The day after my viva, the emptiness – a natural movement towards a need to integrate. I got offered a post-doctorate position. It was quite the “fiery trial” that Hill describes, but it was not easy staying in Eastbourne: I was pleased to land a research position, but less keen on staying in the town where I had been experiencing the pain of loneliness. I threw myself in to the structure of academia: that structure held me, contained me – a life typifying the static masculine. No coincidence that I was surrounded by males: no surprise in an ego world of sport and science. I overcame my loneliness by becoming “one of the lads”.

It is interesting for me to be sitting here writing these words and reflecting on the 20 years. Hill’s model is helping me shape that journey. It is helping me understand how the past 20 years (well, perhaps 15 years as I wobbled out of the static masculine polarity via a career shift to semi-professional sport both as an athlete and then coach) have had me move toward the dynamic feminine.
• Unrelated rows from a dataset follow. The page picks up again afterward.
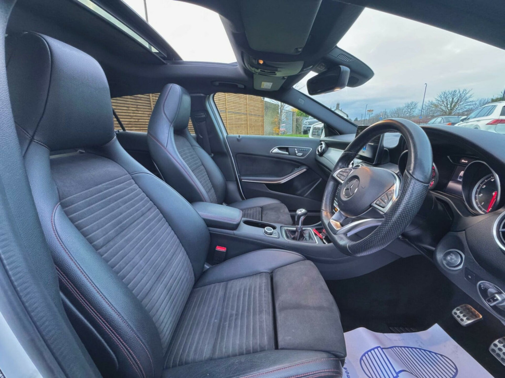 This 2018 Mercedes Benz GLA200 AMG Line (Premium Plus) offers a sophisticated driving experience with its Euro 6 compliant 1.6 litre petrol engine. As a Premium Plus model, it comes equipped with a host of desirable features including LED headlights for enhanced visibility, a panoramic opening sunroof to brighten the cabin, and keyless entry for effortless access. Inside, you'll find heated front seats with memory function and four way lumbar support for maximum comfort, alongside the Audio 20 radio CD system with Bluetooth connectivity.The GLA200 AMG Line excels in practicality and technology, boasting impressive boot space for all your needs. Smartphone integration with Apple CarPlay and Android Auto keeps you connected on the go, while the reversing camera with a 180 degree view and front and rear parking sensors make manoeuvring simple. This model accelerates from 0 to 62 miles per hour in just 8.4 seconds, demonstrating a responsive performance that sets it apart from other vehicles in its class. in alloy wheels - amg 5-spoke design in titanium grey with high sheen finish, abs - anti-lock braking system with bas - brake assist, amg bodystyling - front and rear apron - side skirts, attention assist, active bonnet - pedestrian safety measure which detects an impact and raises bonnet by 65mm, active braking assist, adaptive brake assist with hold function and hill start assist, adaptive brake lights, air vents with chrome surround and cruciform nozzle, airbags - automatic child seat recognition sensor, airbags - dual stage - driver and front passenger, airbags - sidebags for driver and front passenger, airbags - windowbags for driver and front passenger, ambient lighting - single colour in headrests, anti-theft protection package, audio 20 radio-cd, beltline strips - chrome, brake calipers with mercedes-benz lettering, brushed stainless steel sports pedals with rubber studs, bumpers - amg bodystyling with inserts in front splitter and side sill panels and rear apron trim in matt titanium grey, childproof locks - manually operated for rear doors and electrically operated for rear power windows, crash-responsive emergency lighting, cruise control with limiter, door handles - body coloured, door mirrors - body-coloured with integrated led indicators and aspherically curved mirror glass, door mirrors - electrically adjustable and heated, double cup holder in centre console, drivers kneebag, dynamic select with a choice of driving modes - eco-comfort-sport and individual, easy-pack powered tailgate, esp - electronic stability programme with asr - acceleration skid control, electric parking brake, electric windows - 4, electronic key - chrome surround, exhaust system - visible two-pipe with chrome tailpipe tips, first aid kit and warning triangle, floor mats - red stitched edging - amg lettering, footwell lighting - front and rear, four-way lumbar support, front centre armrest with stowage compartment, front and rear bumpers in vehicle body colour, garmin map pilot navigation system, glass - rear windscreen - heated with timer control, headlight assist - automatic headlight activation, isofix and top-tether child seat fixing points in rear, illuminated front door sills with mercedes-benz lettering, instrument cluster - fluid level warning indicator for fuel - oil - coolant and washer fluid, instrument cluster - outside temperature display, instrument cluster - trip computer in multi-function display showing current fuel consumption, instrument cluster with 4 analogue dials and needles suspended in six-o-clock position, interior lighting - courtesy white and warning red lights in the front doors and boot lid, interior lighting - sun visor with illuminated vanity mirror for driver and front passenger, interior lighting in rear with integrated reading lights and locator lighting, keyless-go starting function, luggage compartment cover, media display - 8in, media interface, mercedes me connect, off road comfort suspension, power steering - sports direct steer system with speed sensitive servo assistance, premium plus package, privacy glass - from b-pillar backwards, radiator grille - two louvres in silver with chrome highlights, radio aerial roof spoiler, rear armrest with twin cup holder and through-loading facility, rear seats - split folding 1-3 2-3, rear windscreen wiper with intermittent wipe and automatic activation when reversing, remote central locking, reversing camera with 180 degree view, roof lining - black, roof rails - aluminium finish, run flat tyres, seat belt reminder - front and rear, seat belts - black, seat belts - rear three-point - 3, seat comfort package, seat occupancy sensor - front passenger seat, seats - front cushion length adjustment, seats - front manually adjustable, service indicator assyst, shift point indicator, single colour ambient lighting in interior door handles, smartphone integration, sports seats with integrated head restraints, steering column - manually adjustable for height and reach, steering wheel - 3-spoke - 12 button multi-function - trimmed in nappa leather with perforated leather in grip area - flattened bottom section, storage compartment beneath load compartment floor, thermotronic luxury automatic climate control - two-zone with display, tail lights - partial led, third brake light in led technology, tirefit tyre sealant kit, trim - light aluminium with longitudinal grain, tyre pressure monitoring system, wiper system - windscreen wipers including rain sensor with two sensitivity stages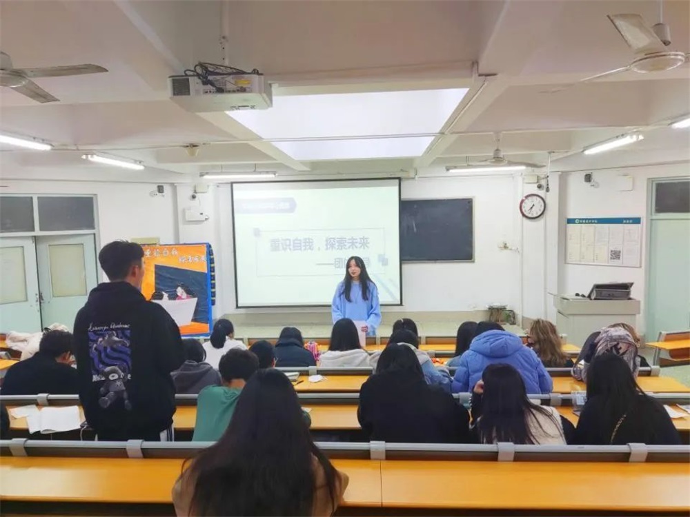 回顾自我,展望未来。活动伊始,王媛昕以同学们喜闻乐见的方式让同学们用三个词语形容自己。在自我思考和自我认知中寻找自己的优势所在,激发潜在能力,让同学们认识到自己内心的所需所感,从而激励自己朝着理想的目标不断努力奋进。王媛昕创设现实情境,让同学们于白纸上画出心中的自己,并掩去名字让大家互相猜测画上所对应的同学。同学们认真思考、脑洞大开,根据所抽取的角色卡片编撰故事,在寓教于乐中充分认识自我。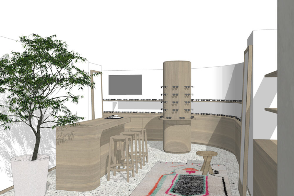 アクティブシーンで活躍するアイウエアブランドの魅力をプレゼンテーションする場所として、現代の多様なライフスタイルに合わせ、居心地のいいコンテンポラリーな空間になっている。

I’m in that territory now, mid-life. A client said to me this morning “I’m realising that I needn’t be anxious in all of this uncertainty, I could get excited instead” – goodness, that jolted me! Yes, it COULD be. The anxiety that often comes up in moments of experiencing space, not-knowing – it is also a world of potential.

Dr C to beAt the weekend, I attended a teaching in Brighton with Dzigar Kontrul Rinpoche – a much respected teacher in the Tibetan Buddhist Njingma lineage. He has been coming to Brighton annually to present the text “The Way of the Bodhisattva”, and this year’s focus was on Chapter 9 (out of 10), the paramita of “Wisdom”. These are the teachings on the View in Buddhism – to gain insight and glimpse the experience that no-thing has inherent existence. “Non-self” or the teachings on emptiness get a bad press – rather than pointing to “we don’t exist”, the View is actually pointing to “we don’t exist in the way we think we do” i.e. we are not separate and solid entities, but rather interconnected and fluid. Taking this in alongside “20 years and change”, I remembered another photo of me – again, another 20 years or so back. Still “Helen” but not the same. I have often felt sadness when I have looked at this photo of me – the innocence in concert with my presently held knowledge of what this little girl would have to go through in order to become an adult: to separate, integrate and now individuate. However, I look at this picture today and I understand there can be no other way: what other purpose in life but to unravel what it is to be human?

Writing blog posts such as this come from my Bodhisattva intention – in sharing my experience of unfolding, I hope that others might be encouraged to do something similar – to risk change, the fiery trials, the dark nights of the soul. I know my spiritual and psychotherapeutic paths have been invaluable in this; as have those mentors and friends who have accompanied me…and those who will in the future unfolding. Because this journey is not done!